Anyway, enough of that. Instead I have a serious topic to discuss today: men’s jeans.
It all started about six months ago, when my husband brought in the daily mail. In it, with my husband’s name on the mailing label (so it wasn’t a mistake on the part of the postal worker, which sometimes we have been recipients of, as noted here), was a magazine I know I wouldn’t have subscribed to. Moreover, I KNOW he wouldn’t have subscribed to. It was called Details. One glance at this GQ -type rag told me this had to be a prank. It reminded me of when our apartment of girls accidentally ended up on the mailing list of the men’s clothing catalog “International Male,” — more ivory colored linen suits than a real man could wear in a lifetime. I flipped through the Details pages, and started to laugh and immediately called my brother.
“Funny joke, Bill. Good one.”
“What?” He was in denial–and continued to deny until I finally believed he hadn’t ordered it for Gary. Then I phoned up all the other usual suspects and got the same treatment. Either someone is a good liar, or I have a funny friend I don’t even know about. Whoever you are… good one!

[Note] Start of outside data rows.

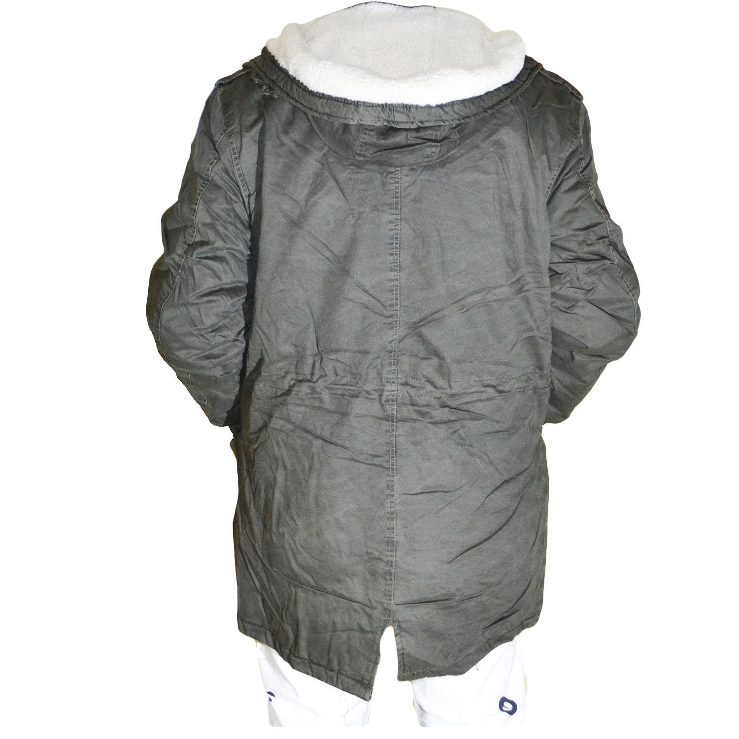 New Parka Uomo Verde con pelliccia bianca
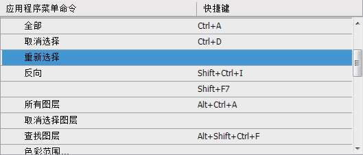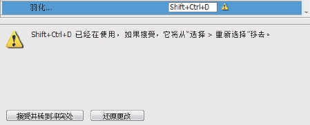 单击“接受并转到冲突处”按钮,完成对“羽化”命令快捷键的设置。可以对“重新选择”命令设置新的快捷键,也可以不再设置,如图1-73所示。
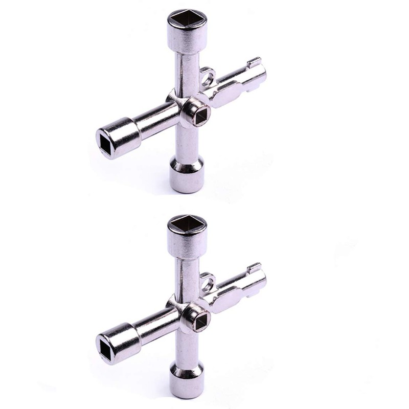 2pcs 4 in 1 Alloy Triangle/square 4 Way Service Utility Cross Triangle/square Keys for Train Electrical Elevator Cabinet Valve (2pcs silver key)

Ya got him.
So, this magazine continues to come to our house, and I usually just chuck it. Last month, though, I happened to flip through the pages because there was a teaser on the cover about this columnist accidentally getting to try on a suit made for Prince William in a tailor’s shop in London (which was a kind of good story, but it did have some potty mouth language, so I’m not going to recommend it to you.) Anyway, in looking for this Bonny Prince William story, my eyes fall on a headline about jeans–how to keep them from fading.

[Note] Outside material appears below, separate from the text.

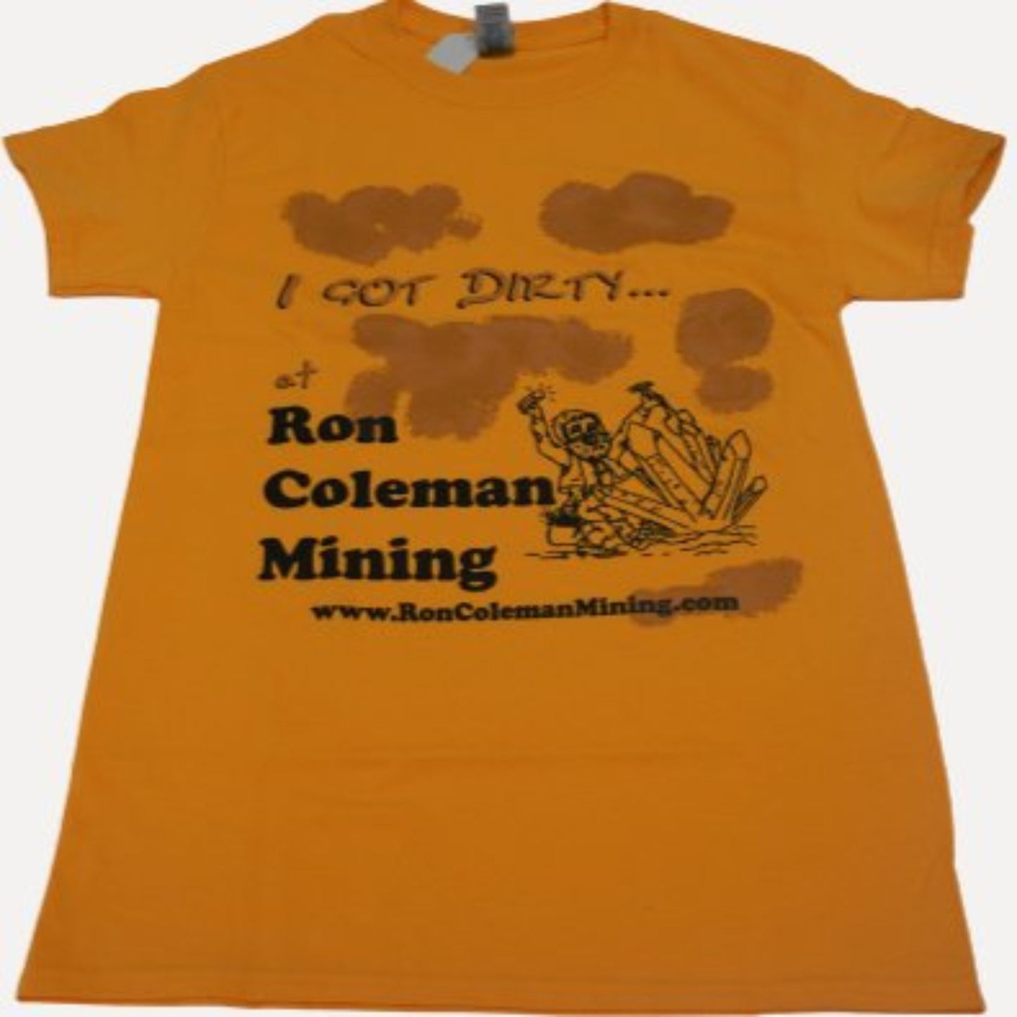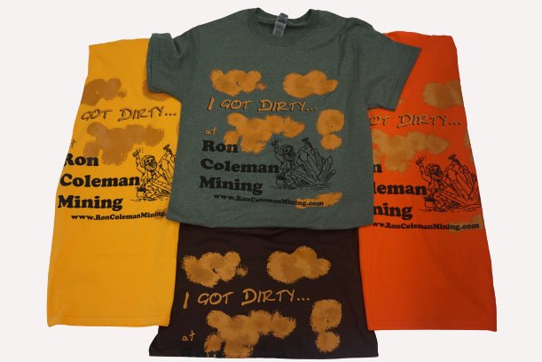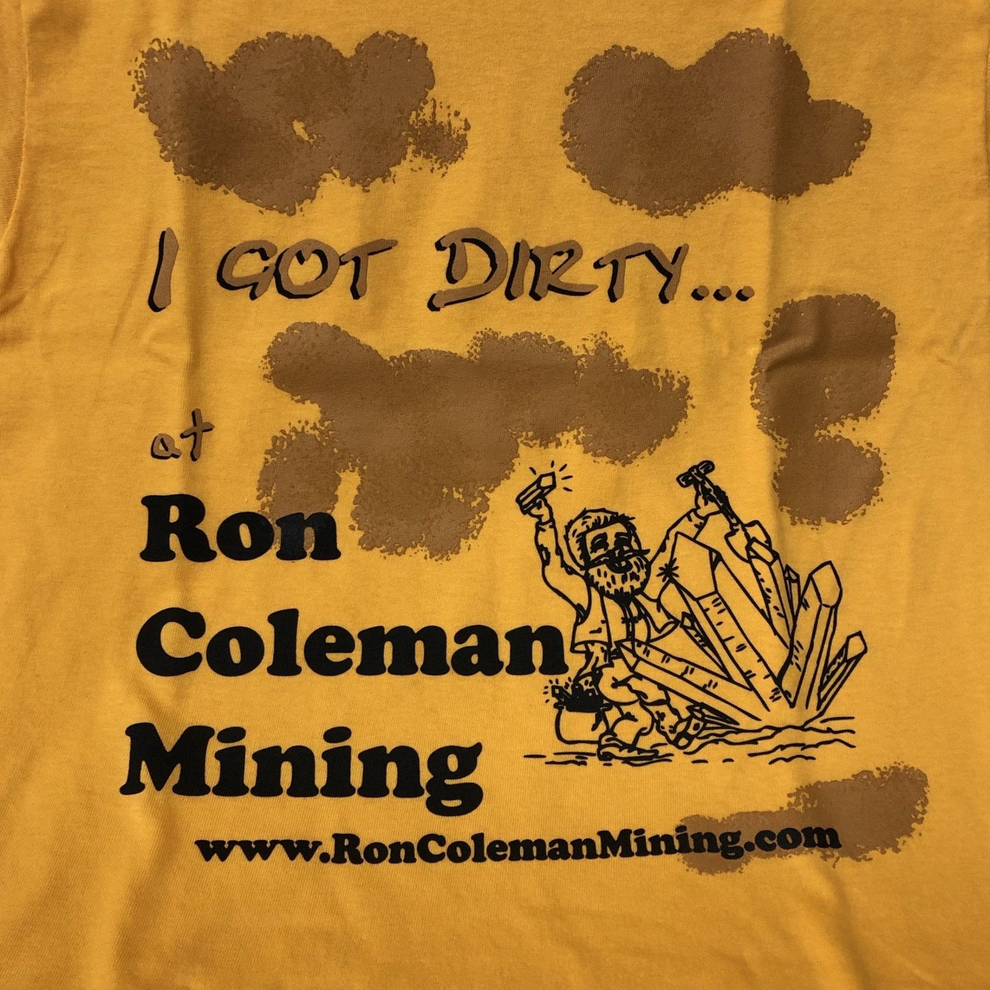 Buy a unisex t-shirt commemorating your visit. It’s a reminder you “Got Dirty at Ron Coleman Mining. This short-sleeve t-shirt is gold with brown and black graphics. We use the "I Got Dirty" slogan because a person who actively digs in the dirt for quartz will get very dirty. Check out our Facebook page to see images of people showing off the quartz they found during their daily dig. #igotdirtyatroncoleman
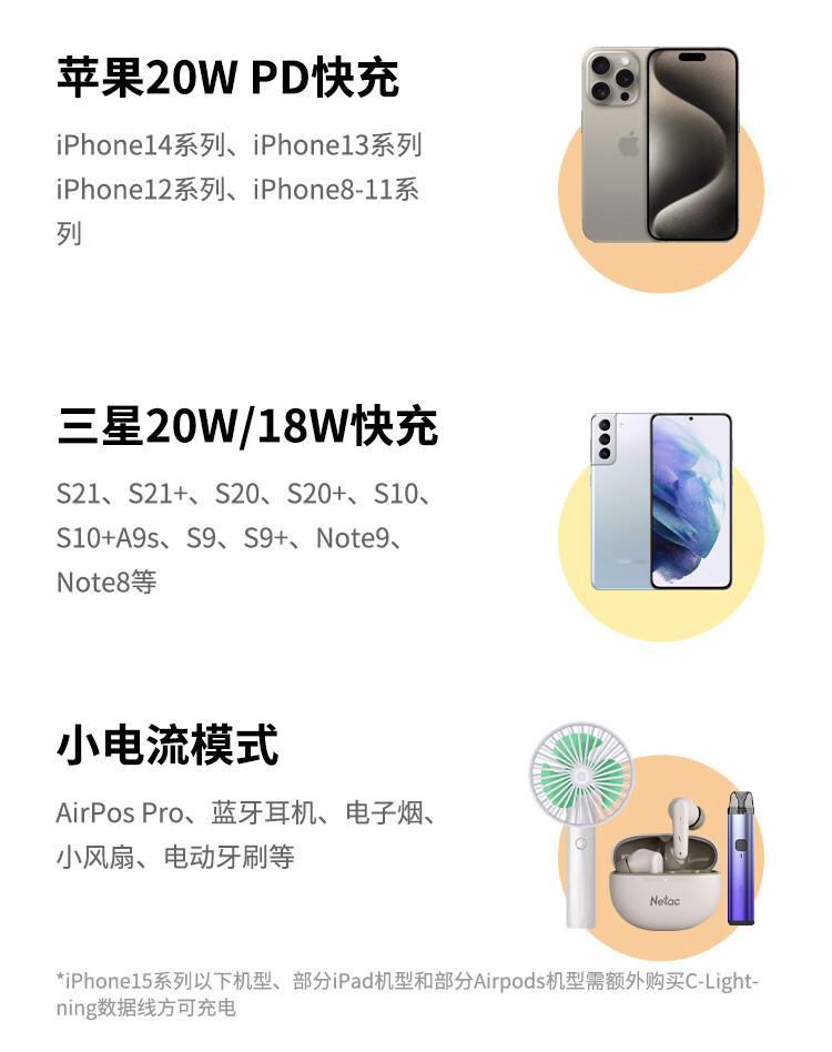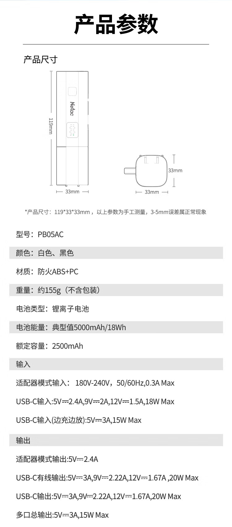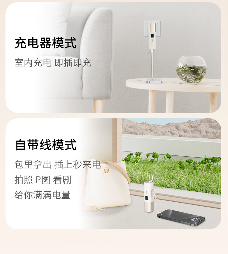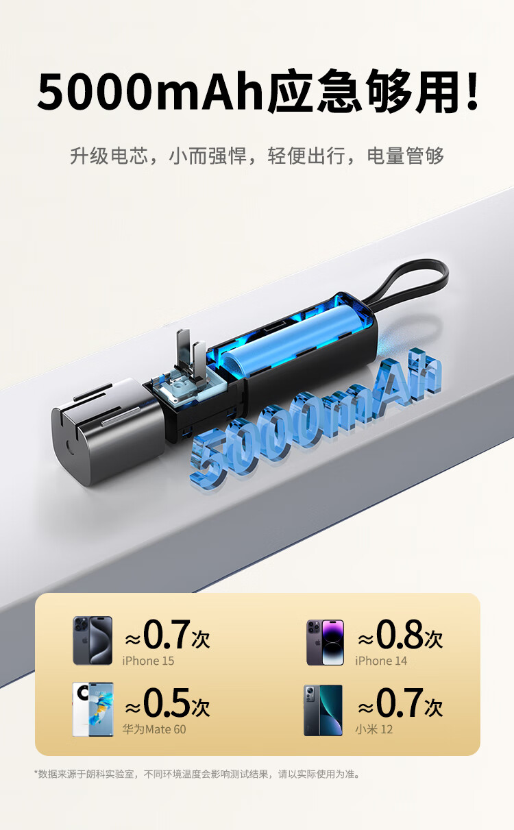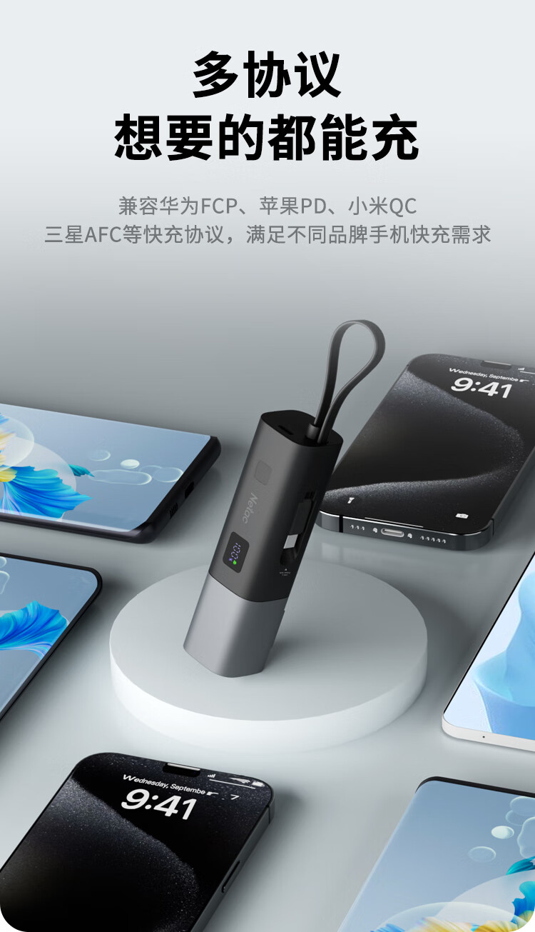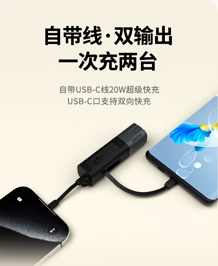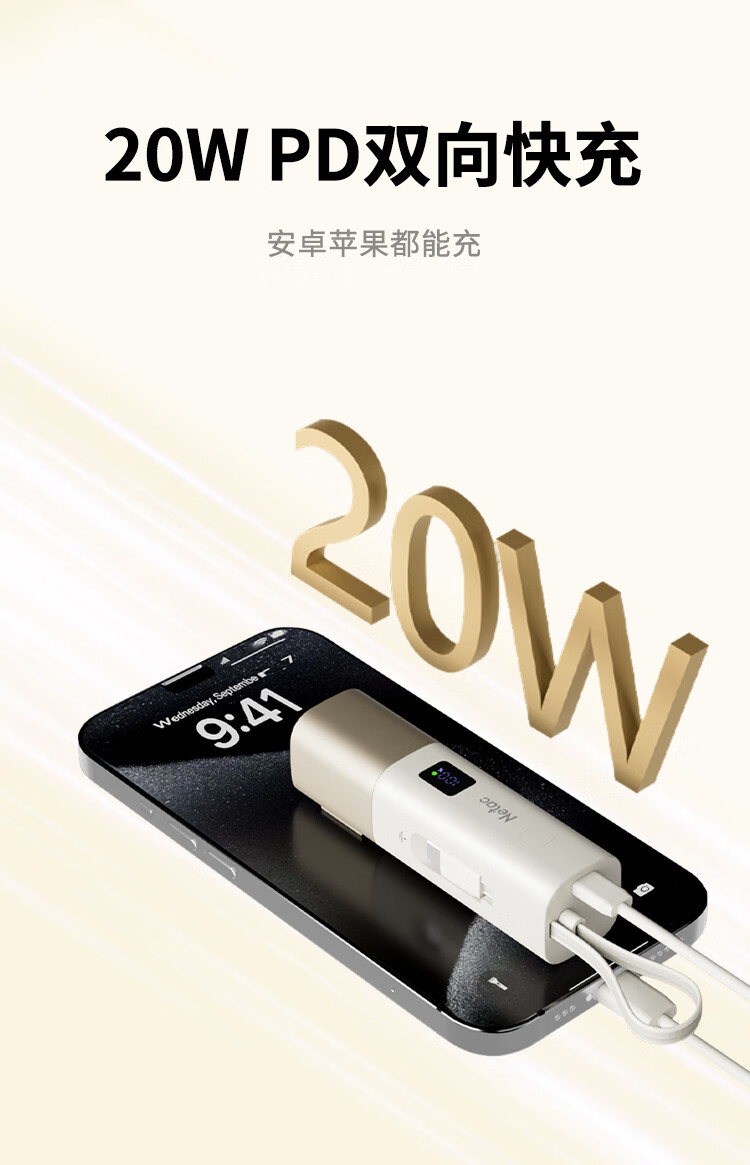 朗科(Netac)3C认证可上飞机三合一充电宝自带线20W双向快充带插头迷你便携苹果17可用小米华为手机移动电源黑

This is something I need to know. Because I happen to be in the market for jeans sometime in the next couple of months. It’s been a year since I bought any, (as readers of this blog might remember when I was suckered at The Gap) and those are now faded, and I’d like to keep the next pair longer and such.
But…as I read the article’s content, it’s wrong. It’s just WRONG. Why? Because the writer of the article suggests that men should not wash their jeans for the first three months.

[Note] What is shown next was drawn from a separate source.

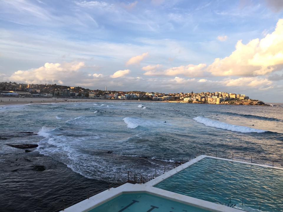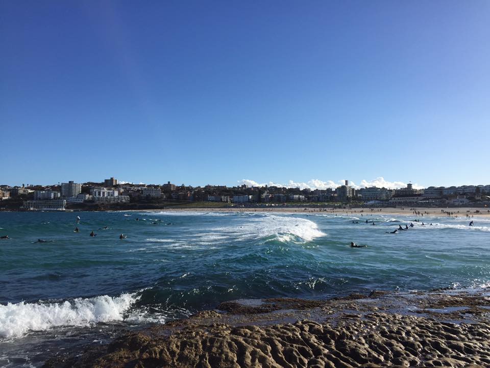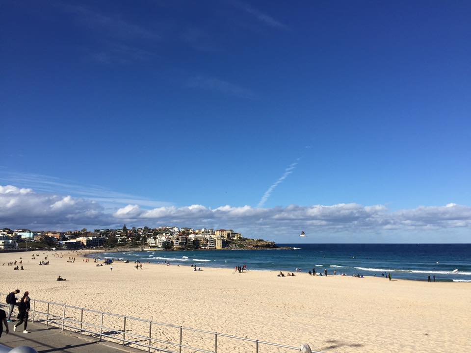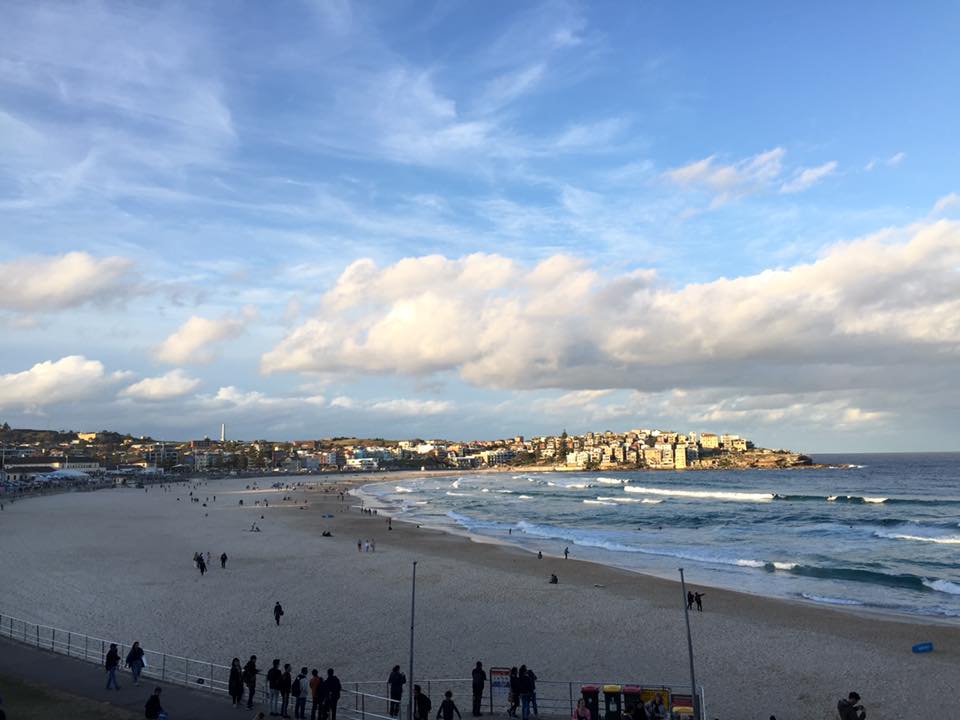 วันนี้จะชิวๆ เลยไป Bondi beach การเดินทางก็ง่ายๆอีกแล้ว เราเดินไปขึ้นบัสที่ Hype park บัสเบอร์ 333 ก็นั่งไปเรื่อยๆจนเห็นทะเลอ่ะ ประมาณ 20 นาทีได้ คนอาบแดดก็จะไม่ค่อยมีเพราะมันหนาววว

Excuse me, but THREE MONTHS? That’s just…ew.
The explanation goes on that like dress pants or suit pants, jeans just don’t need to be washed. They’ll hold their color longer if not washed (duh), and even then, they should be washed inside out in cold water and line dried.
Um. Do men wash things in cold inside out and line dry them? Come on.
I mention this to Gary–because he’d just bought some jeans. Granted, these are the first jeans he’s bought in our marriage. He’s been a strictly “blue dress shirt, tie, and khakis” guy for as long as I’ve known him (even mows the lawn in this uniform) with the only exception being that he had a pair of old 501s–you know, the shrink to fits?, The kind you have to WASH to get to be the right size?–that he regularly wore to work on his orchard farm (a.k.a. Goathead Island.)
And his response is, “I thought you had to wash jeans to shrink them to get them to fit.”
I mull this for a few days. Meanwhile, we go a couple of places. We have a little family get-together, like a watermelon bust or something, and Gary wears his jeans, and everyone says, “Wow. That’s weird. I’ve never seen you wearing jeans.” Because truth is, they probably haven’t.
And then, a few days later, he’s been at Goathead Island in the new jeans, and they have purple stains on them from the special glue for PVC pipe for the drip system he’s putting in on the land to water the pecan trees, and they are caked in a layer of mud and these stupid little foxtail grass burrs– you know, the kind that stick in your socks so badly you have to simply throw the socks away– and then there’s a layer of some kind of gas-oil mixture from the weedeater, and atop it all is a fine layer of cut grass, almost like green fur, coating the whole pant leg (both) from the hem all the way up to where his blue dress shirt was untucked and guarding the jeans like a blue dress shirt apron.
And I look at all this and tell him, “Um, it hasn’t been three months. I don’t think I should wash those yet.”
Geez, folks. Real men wash their jeans.